Phase (sometimes called “position”) is the orientation of a cyclical waveform in time, relative to a another cyclical waveform.


Here is an analogy on a less abstract level…

If I were to start singing Twinkle Twinkle Little Star from the lyrics “up above the world so high”, it would still be the same song; except, “phase shifted” by one third of the total duration. Since phase is measured in “degrees” from 0 to 360, I might call the tune something like “Twinkle 120”.

In order to determine the phase degree, a reference waveform is necessary. So, you need to know where “0” is to measure phase degree. In my analogy above, the reference would just be the correct version of Twinkle Twinkle Little Star (starting at the beginning). The best way to convert this basic understanding into a valid, abstract internalization is to think about 2 sine waves*.


Compared to this sine wave…




This sine wave is 90 degrees out of phase (¼ cycle)

wave 3


On the other hand, this sine wave is 180 degrees out of phase (½ cycle)

wave 2


Finally, this sine wave is 270 degrees out of phase (3/4 cycle)
wave 4


*The sine wave describes the simplest oscillation, one frequency – so simple it does not exist (audibly) in real life, only in electronics and theory. Sine waves are the “cells” that make up a sound. Every sound in the world can be broken down into its sinusoidal components.


Phasing (Phase Interference) 


A phenomenon describing the interactions between two or more nearly identical sounds performed simultaneously. It primarily affects amplitude (pressure or power). There are 3 types of phase interference…constructive, destructive, and comb-filtering.


Constructive: occurs due to synchronized phase relationships (0 degrees and 360 degrees).
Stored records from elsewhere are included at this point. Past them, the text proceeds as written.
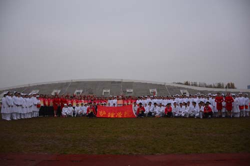比赛伊始,威廉希尔官网武术操方队身着统一校服,踏着整齐的步伐,喊着激昂的口号“泰医风采,护院领航”步入比赛场地。伸拳、推掌、踢腿,一招一式尽显青春本色。看台表演方队也不甘示弱,白衣天使们列队组成“火炬”图案,挥舞着手中彩色表演牌,起起伏伏间恰似跳跃的火焰,成为看台上一道亮丽的风景。同学们精彩的表演赢得了观众阵阵的掌声和评委的一致好评。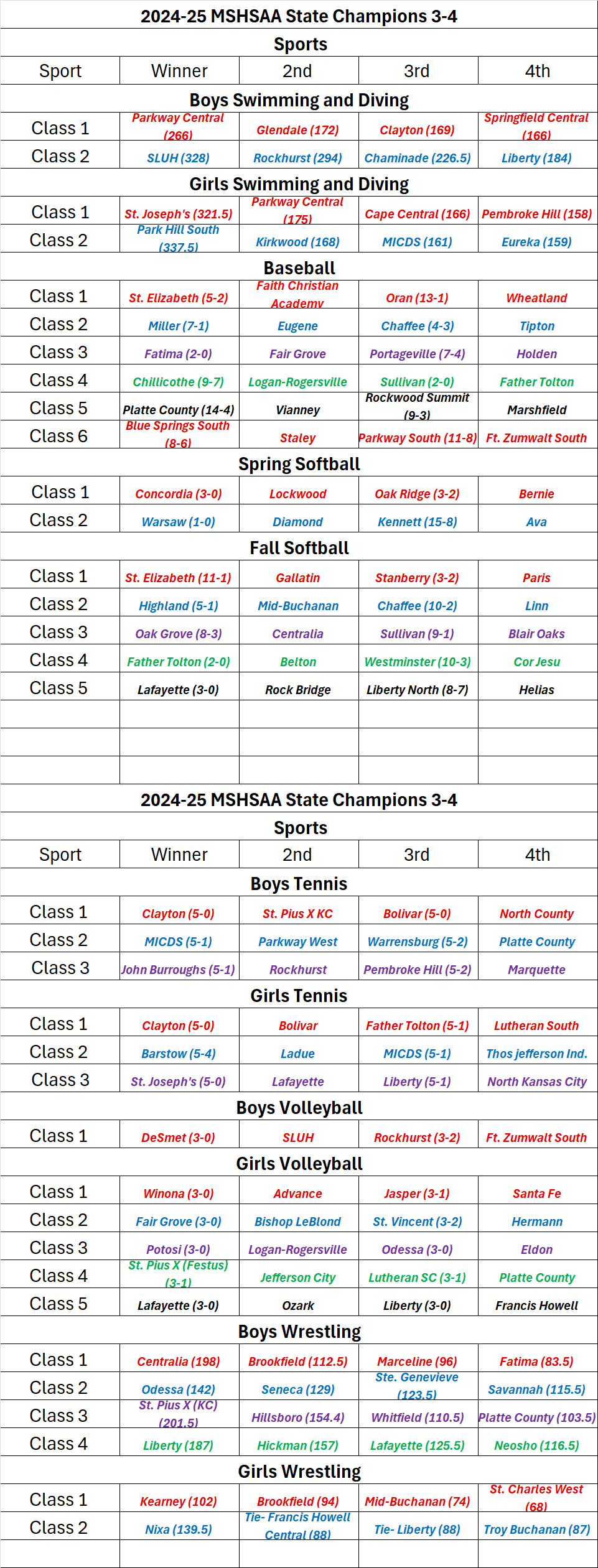 Stlprepsports.com 2024-25 MSHSAA State Champions 3-4 Share this: Click to share on X (Opens in new window) X Click to share on Facebook (Opens in new window) Facebook Like Loading...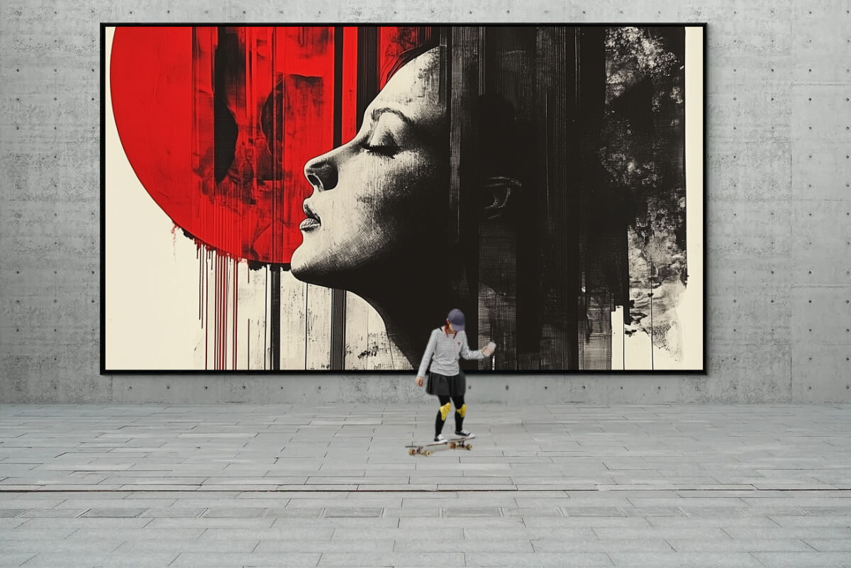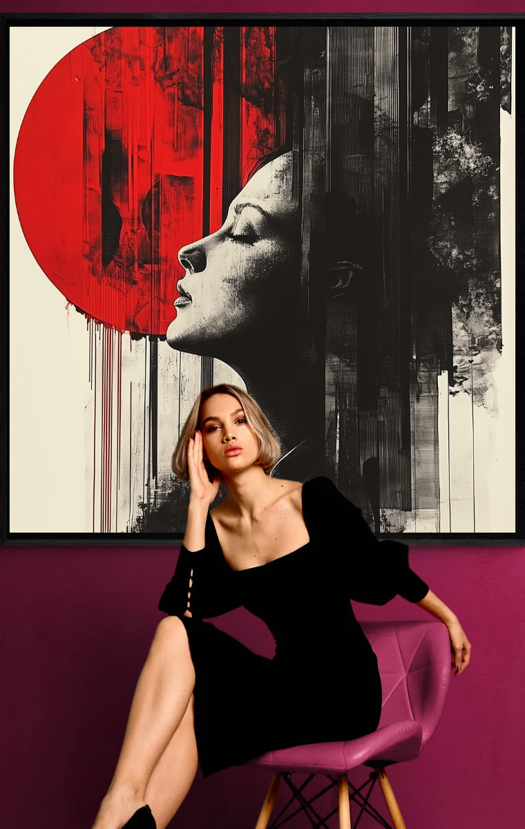 „Roter Mond“ ist ein kraftvolles abstraktes Porträt, das die Verbindung zwischen Mensch und universellen Emotionen einfängt. Die intensive rote Kugel, kombiniert mit der monochromen Silhouette, erzeugt eine faszinierende Balance aus Dramatik und Ruhe. Es ist eine Hommage an die Momente der Reflexion, die uns mit der Tiefe unserer Gefühle konfrontieren.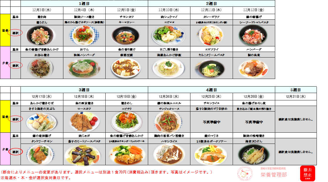 週3日(水・木・金曜日)の昼食と夕食は、常食の患者様を対象に選択メニューを実施しています。

It causes the amplitude to multiply and sometimes resonate. In the electronic realm, producers often use constructive phase to boost frequencies.
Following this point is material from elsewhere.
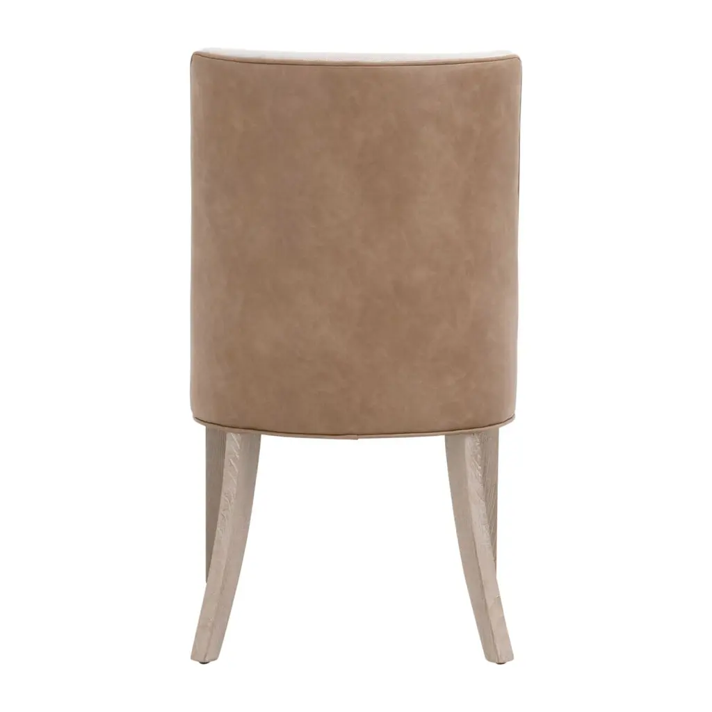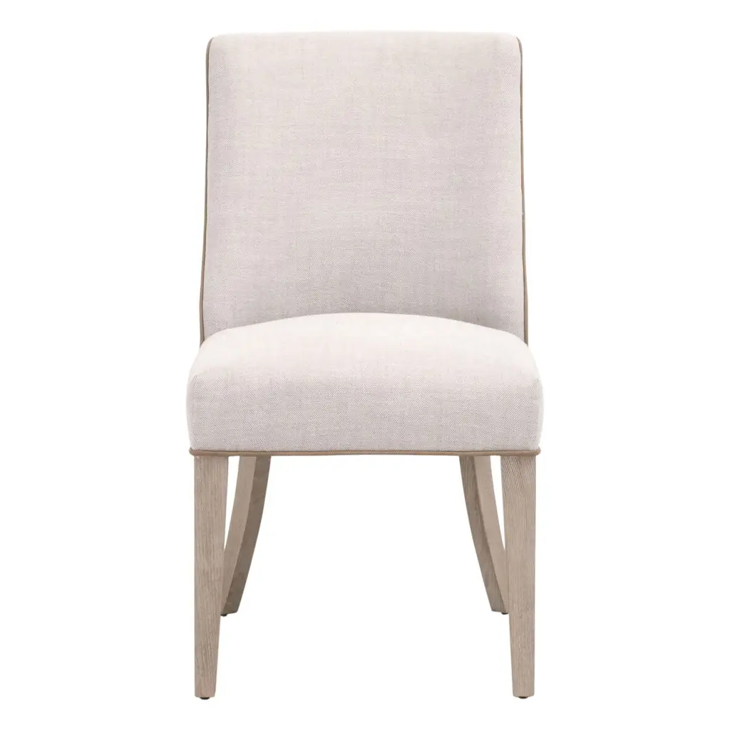 The James Dining Chair encompasses a seamless fusion of transitional style and exceptional comfort. The legs are expertly crafted from solid wood, complementing the striking design of the seat and seat back. These contrasting materials achieve a flawless balance of timeless elegance and modern design. The contrasting edge piping detail adds a touch of sophistication, while the sturdy solid wood legs provide unwavering stability and durability. With generous dimensions measuring 19.5” wide, 26.5” deep, and 36.5” high, with a welcoming seat height of 20 inches, this chair offers not only an inviting place to sit, but also a stylish statement to enhance your dining space.

Destructive – occurs due to phase relationships of 180 degrees. Causes the waves to “cancel each other out”. In the electronic realm, destructive phase interference is used to remove frequency content from the sound.
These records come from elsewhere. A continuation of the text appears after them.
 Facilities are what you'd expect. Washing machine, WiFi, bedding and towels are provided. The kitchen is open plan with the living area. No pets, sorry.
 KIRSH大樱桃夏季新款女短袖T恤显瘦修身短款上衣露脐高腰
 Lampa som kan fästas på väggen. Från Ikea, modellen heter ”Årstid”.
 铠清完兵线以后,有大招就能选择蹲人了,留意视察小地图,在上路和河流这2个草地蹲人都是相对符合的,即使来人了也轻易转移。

Comb-Filter – causes a series of alternating constructive and destructive “peaks and nulls” due to irregular phase relationships (between 1-179 degrees and 181-364 degrees). It accounts for the majority of interference. It is often used as an insert effect in electronic production and – because of the peaks and nulls – makes the spectrum appear “comb-like”.




A relationship between Distance, Delay Time, and Phase


Just about every surface, room, and an obstacle in the world reflect sound to some degree. Since reflected sound is a delayed, filtered copy of the incident sound (initial impulse), there is often phase interference when they collide in the air. This is problematic when placing microphones since most engineers want to capture the most genuine sound possible. It is nearly impossible to predict when and where phasing will occur in an acoustic space because the majority of organic sounds are very complex.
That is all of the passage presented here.